Field of the Invention
[0002] The present invention relates generally to data storage systems, and more particularly, to a method and system for extending the functions of a data storage system.
Background of the Invention
[0003] A filesystem on a computer enables the operating system of the computer to act as a taisted third party that enforces security and naming protocols between communicating processes, even where such processes are not active at the same time. One of the functions of a filesystem is to catalogue and organize data provided to it so that it can later be retrieved. In order to carry out this function, filesystems must manage a storage resource. Typical storage resources appear to the filesystem as a contiguous byte sequence, a contiguous block sequence, or essentially a key-value store for example in an object storage system.
[0004] Filesystems are typically part of the operating system on a computer, but may also exist as an extension of the operating system in an application, or as a pure application accessed over a network connection using a client filesystem protocol. Various examples of these are known in the art. In all cases a filesystem is designed to use a particular kind of storage resource, for example a disk, and will have constraints related to that storage resource. These constraints could be related to, for example, performance, capacity, parallelism, scalability, physical location, etc. Additional constraints exist within the filesystem itself in terms of its features allowing manipulation of the data it is storing, for example to apply encryption, compression, replication, or other transformations including context sensitive processing (data polymorphism) when the filesystem is not provided with this functionality in advance. In the art, the phrase context sensitive generally refers to a program feature that changes depending on what you are doing in the program. For example, context sensitive help provides documentation for the particular feature that you are in the process of using and context or context sensitive processing of data allows data to be processed differently depending on how or where the data will be used.
[0005] Prior art systems and methods of coping with some of these constraints has been to use virtual devices that create a virtual storage resource for the filesystem to use. Due to the lack of available context that exists within the filesystem and is not passed on to the storage resource, this approach is unable to provide context sensitive processing of the data and is also unable to remove constraints that are due to a 1 : 1 mapping of data the filesystem sees to data actually on the storage resource, for example the total data storage capacity.

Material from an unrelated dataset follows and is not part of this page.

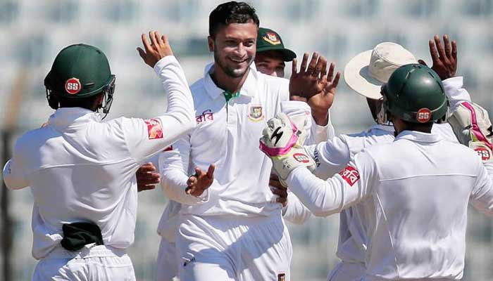 Resuming on 39-4, Bangladesh looked down and out once they lost Mushfiqur Rahim in the first over of the day, before Liton, who struck a hundred in the first innings, hauled the hosts back to respectability with 59 off 89 balls.

[0006] It is therefore an object of the invention to provide a novel system and method for extending the functions of a data storage system, for example to extend the functions of a data storage system to permit context sensitive data processing.
Summary of the Invention
[0007] According to one embodiment of the invention, there is provided a method for extending the functionality of a data storage system, the data storage system including a data organization means and a data storage resource, the method including dissociating the data storage functions of the data storage system from other functions of the data storage system and transferring at least a portion of the data storage functions to an intercepting system.
[0008] According to one aspect of the invention, the intercepting system is a complimentary storage resource. The data organization means may be selected from the group comprising a filesystem, a key-value store and a database.

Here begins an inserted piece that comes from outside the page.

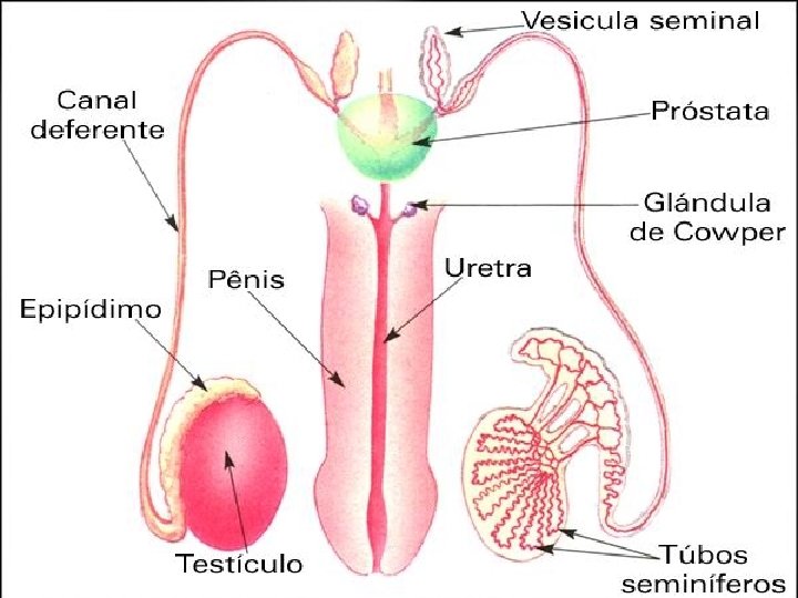 O sistema reprodutor masculino é composto por: • • Testículos Vias espermáticas Glândulas anexas Pênis
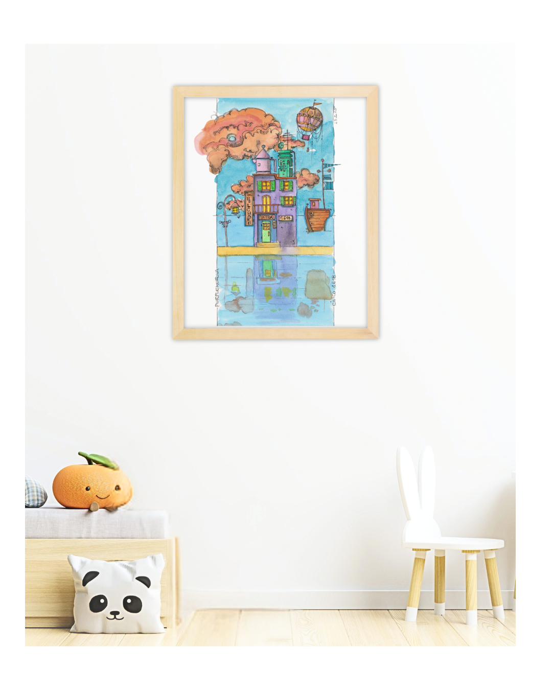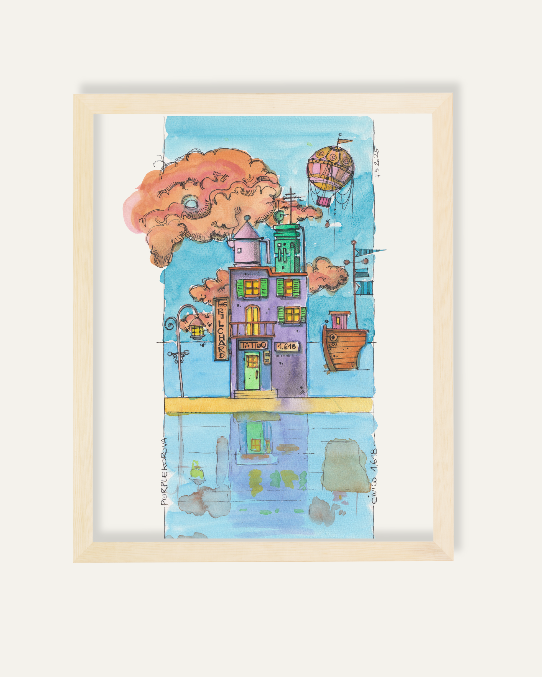 "Civico 1.618" non è solo un disegno, è la rappresentazione del luogo dove nasce la fantasia. Con le sue pareti viola e verdi, le insegne bizzarre ("Tattoo") e il riflesso misterioso nell'acqua, questa stampa ha un'atmosfera bohémien e creativa. È l'opera ideale per chi vuole un pezzo d'arte con una storia personale legata al brand e che aggiunga un tocco di architettura fantastica e vibrante al proprio ambiente.

[0009] According to another aspect of the invention, the dissociating step is carried out by providing an interceptor means in communication with the data organization means, the data storage resource and the intercepting system; the interceptor means intercepting a filesystem operation to determine whether a function of the operation should be handled by the data storage resource or by the intercepting system.
[0010] According to another aspect of the invention, the interceptor means intercepts a filesystem operation while the operation still has context and before the operation would otherwise be decomposed into independent operations suitable for the data storage resource.
[0011] According to another aspect of the invention, at least another portion of the data storage functions are retained with the data storage system. According to another aspect of the invention, all of the data storage functions are transferred to the intercepting system.
[0012] According to another aspect of the invention, the data storage system is selected from the group comprising a filesystem, a key-value store, an object store and a network protocol.
[0013] According to another aspect of the invention, the data storage system is shared among multiple external interfaces.
[0014] According to another aspect of the invention, the interceptor means comprises a user- space application program in cooperation with a facility of an operating system or of a filesystem. According to another aspect of the invention, the interceptor means comprises a filesystem protocol proxy application performed on a network. According to another aspect of the invention, the interceptor means comprises a minifilter driver adapted to intercept filesystem operations in an operating system kernel.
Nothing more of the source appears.